Der Lehrer Andrusevičius von der Luokė-Mittelschule des Rayons Telšiai hat eine Liste von Methoden zur »Umerziehung« derjenigen Schüler, die in die Kirche gehen. Im Mai und Juni dieses Jahres wurden Valius Ambrožas (6. Klasse), Gintaras Jankauskas und Saulius Leščianskas (7. Klasse) und andere Schüler vom Schuldirektor Savickas, dem Redakteur der Telšiai Rayonszeitung Vaseris und zwei Vertretern des kommunistischen Parteikomitees des Rayons verhört. Danach mußten die Schüler zusammen mit ihren Eltern zum Sicherheitsbüro von Telšiai zum Verhör gehen. Die Milizbeamten erwiesen sich etwas humaner als die Lehrer und sowjetischen Beamten. Sie sagten, daß Kirchenbesuch kein Verbrechen sei und »sie schließlich keine Fensterscheiben zerschlagen hätten . . .« In der Mittelschule Nr. 1 in Plungė schlugen Schüler der 10. Klasse (aktive Mitglieder der Kommunistischen Jugend: Kačerginskas, Malakauskas und Šakinis) den Schüler Vitalijus Semenauskas zusammen, damit er keine Lust zu weiteren Kirchenbesuchen mehr habe. Seine Eltern beschwerten sich bei dem Schuldirektor, dem Erziehungskomitee und sogar bei der Staatsanwaltschaft. In seiner Antwort drohte der Schuldirektor, ihnen die elterliche Gewalt entziehen zu lassen! Während des Chorpraktikums an der Mittelschule in Telšiai am 15. Mai dieses Jahres nahm Egidijus Želvys aus der 7. Klasse das Pioniertuch ab, das man ihm gewaltsam umgebunden hatte. Er gehörte nicht zu den Pionieren. Die Lehrerin Pilipavičienė schlug dafür dem Schüler ins Gesicht, während die Lehrerin Petraitytė ihn mit Obszönitäten beschimpfte. Zur Strafe durfte der Schüler nicht weiter am Programm teilnehmen. Eine große Kindergruppe war Zeuge dieses Zwischenfalls.
Sind das keine Tatsachen? Und doch berühren sie nur die Oberfläche! Bis heute wurde nicht eine einzige Person in Sowjet-Litauen für die Verfolgung eines Gläubigen bestraft.

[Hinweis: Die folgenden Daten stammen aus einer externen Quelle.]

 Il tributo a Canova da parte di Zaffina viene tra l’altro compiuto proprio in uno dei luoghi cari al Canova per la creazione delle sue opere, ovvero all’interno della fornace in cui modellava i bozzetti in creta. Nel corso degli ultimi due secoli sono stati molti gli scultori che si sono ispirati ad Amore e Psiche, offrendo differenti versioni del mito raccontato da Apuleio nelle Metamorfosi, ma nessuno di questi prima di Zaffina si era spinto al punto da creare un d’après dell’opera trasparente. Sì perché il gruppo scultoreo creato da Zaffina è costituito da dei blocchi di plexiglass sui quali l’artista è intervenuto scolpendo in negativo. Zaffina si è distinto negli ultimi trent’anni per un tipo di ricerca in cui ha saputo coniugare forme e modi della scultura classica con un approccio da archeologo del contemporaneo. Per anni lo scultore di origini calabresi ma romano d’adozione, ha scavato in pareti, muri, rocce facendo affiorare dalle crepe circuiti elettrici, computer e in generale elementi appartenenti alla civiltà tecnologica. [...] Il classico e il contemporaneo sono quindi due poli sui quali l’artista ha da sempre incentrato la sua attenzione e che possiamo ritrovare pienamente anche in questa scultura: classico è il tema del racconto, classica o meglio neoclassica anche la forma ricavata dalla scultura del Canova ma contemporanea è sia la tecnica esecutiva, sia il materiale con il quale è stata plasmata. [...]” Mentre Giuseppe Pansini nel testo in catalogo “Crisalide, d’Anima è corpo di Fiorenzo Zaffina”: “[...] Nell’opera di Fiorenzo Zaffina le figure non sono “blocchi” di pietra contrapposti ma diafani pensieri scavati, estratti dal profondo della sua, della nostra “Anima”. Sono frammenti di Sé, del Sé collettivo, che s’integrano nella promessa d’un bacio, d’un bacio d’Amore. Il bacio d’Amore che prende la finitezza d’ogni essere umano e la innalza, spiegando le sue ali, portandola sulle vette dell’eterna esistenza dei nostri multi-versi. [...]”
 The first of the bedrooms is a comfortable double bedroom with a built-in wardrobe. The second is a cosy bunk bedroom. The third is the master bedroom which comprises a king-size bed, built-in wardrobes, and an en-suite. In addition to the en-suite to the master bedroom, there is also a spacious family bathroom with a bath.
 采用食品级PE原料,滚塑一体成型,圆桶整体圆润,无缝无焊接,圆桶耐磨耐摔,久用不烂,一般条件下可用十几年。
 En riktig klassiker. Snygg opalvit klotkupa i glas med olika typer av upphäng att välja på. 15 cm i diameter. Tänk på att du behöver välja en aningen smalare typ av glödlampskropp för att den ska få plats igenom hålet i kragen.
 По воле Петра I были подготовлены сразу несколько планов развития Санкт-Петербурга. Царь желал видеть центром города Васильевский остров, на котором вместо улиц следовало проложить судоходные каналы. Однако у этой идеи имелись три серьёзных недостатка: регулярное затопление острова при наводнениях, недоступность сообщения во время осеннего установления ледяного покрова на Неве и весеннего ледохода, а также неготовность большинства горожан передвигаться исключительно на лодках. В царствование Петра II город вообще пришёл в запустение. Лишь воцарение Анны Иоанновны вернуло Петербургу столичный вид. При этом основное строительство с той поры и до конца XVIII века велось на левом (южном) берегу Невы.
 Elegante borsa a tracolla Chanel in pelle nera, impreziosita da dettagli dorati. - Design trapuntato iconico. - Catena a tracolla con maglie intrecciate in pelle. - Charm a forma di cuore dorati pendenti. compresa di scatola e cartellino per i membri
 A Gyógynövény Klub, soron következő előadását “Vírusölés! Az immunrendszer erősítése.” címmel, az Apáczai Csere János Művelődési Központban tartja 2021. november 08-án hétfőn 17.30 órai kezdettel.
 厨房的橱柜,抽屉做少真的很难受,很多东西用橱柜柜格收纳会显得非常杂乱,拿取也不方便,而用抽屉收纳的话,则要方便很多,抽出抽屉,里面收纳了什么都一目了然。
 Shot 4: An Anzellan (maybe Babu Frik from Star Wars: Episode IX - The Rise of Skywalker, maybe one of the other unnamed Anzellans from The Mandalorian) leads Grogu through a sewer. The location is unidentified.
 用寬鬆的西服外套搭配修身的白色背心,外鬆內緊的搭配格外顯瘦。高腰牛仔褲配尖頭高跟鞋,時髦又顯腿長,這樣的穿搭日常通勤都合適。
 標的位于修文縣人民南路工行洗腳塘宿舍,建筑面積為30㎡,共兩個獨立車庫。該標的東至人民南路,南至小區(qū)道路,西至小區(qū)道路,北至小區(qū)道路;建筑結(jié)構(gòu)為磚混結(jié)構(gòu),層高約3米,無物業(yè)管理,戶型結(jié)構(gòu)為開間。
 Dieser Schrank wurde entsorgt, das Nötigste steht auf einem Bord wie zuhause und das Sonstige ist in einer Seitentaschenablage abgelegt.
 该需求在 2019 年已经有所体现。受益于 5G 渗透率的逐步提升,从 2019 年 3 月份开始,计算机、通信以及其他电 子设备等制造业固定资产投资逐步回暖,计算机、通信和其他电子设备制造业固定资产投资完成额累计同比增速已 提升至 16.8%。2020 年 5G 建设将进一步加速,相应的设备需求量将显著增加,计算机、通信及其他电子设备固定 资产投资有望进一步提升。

Wir verlangen, daß diejenigen, die die Humanität sowie die sowjetische Justiz verletzen, bestraft werden. Weiterhin weisen wir darauf hin, daß solche Übergriffe von Atheisten ständig zunehmen. Die meisten Vorfälle ereignen sich aufgrund der subjektiven Interpretation der Gesetze durch den Bevollmächtigten des Rates für religiöse Angelegenheiten, P. Anilionis. Bei Zusammentreffen mit Dekanen, Priestern und sowjetischen Beamten betont er immer wieder, daß das Gesetz es Kindern verbiete, sich aktiv an Kirchenchören, Prozessionen, heiligen Messen usw. zu beteiligen. Ein derartiger Erlaß steht jedoch in keinem Gesetz. Auf der anderen Seite veröffentlichte der frühere Bevollmächtigte des Rates für religiöse Angelegenheiten, Tumėnas, im Februar 1978 in allen Zeitungen des Rayons folgendes: »Jeder, der es will, kann religiöses Brauchtum ausüben.« Nicht nur teilnehmen, sondern ausführen! Er nannte keine Einschränkungen wie etwa Kinder oder Altersgrenzen. Auch die Verfassung erlaubt in Artikel 50 ohne jede Einschränkung die freie Entfaltung bei der Ausübung eines religiösen Kultes. Sie erlaubt also die Ausübung (das Singen, Prozessionen etc.) und nicht nur das passive Hinschauen.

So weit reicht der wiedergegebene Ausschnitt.